The Devil You Know is the sequel to The Devil Inside, continuing the story of a demon-hunting exorcist forced to coexist with the things she hates, fears, and distrusts the most. It’s a strong, fast-moving story filled with plenty of action and character moments. Morgan’s stubborn refusal to change or adapt when it comes to demons does wear thin after a while; I lost count of the number of times she could have made things easier for herself if she extended even a shred of trust, or a kind word, to people clearly trying to help her. Maybe that’s just how the character is, but after a while, it gets repetitive, especially after the multiple learning experiences she ‘enjoys’ as a result. The relationshsips between Morgan and the other characters are interesting, especially with Adam and Dominic, the sado-masochistic gay couple that act both as allies and occasional foils to Morgan’s plans. The two men attract and repel her in turn, mostly because of their willing demon possession (current for Adam, former for Dominic), partly because of Adam’s love of dealing pain to the willing, and it’s fun to watch Morgan struggle with her conflicting attitudes.

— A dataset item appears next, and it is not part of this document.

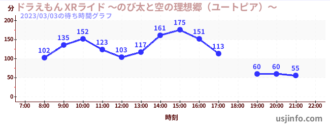 • ドラえもん XRライド ~のび太と空の理想郷(ユートピア)~$B$N(B2023年03月03日の待ち時間

All in all, I’d have to say I enjoyed The Devil You Know. This series is fun, with plenty of action – Morgan Kingsley is an asskicking heroine when she cuts loose – and mystery, with bits of romance seeping through at the edges. One might see Morgan and Lugh getting together in some fashion someday, but she’d have to lose a lot of attitude first. Wherever Jenna Black is going with this series, it’s bound to be enjoyable in the end. I’ll be back for the next installment.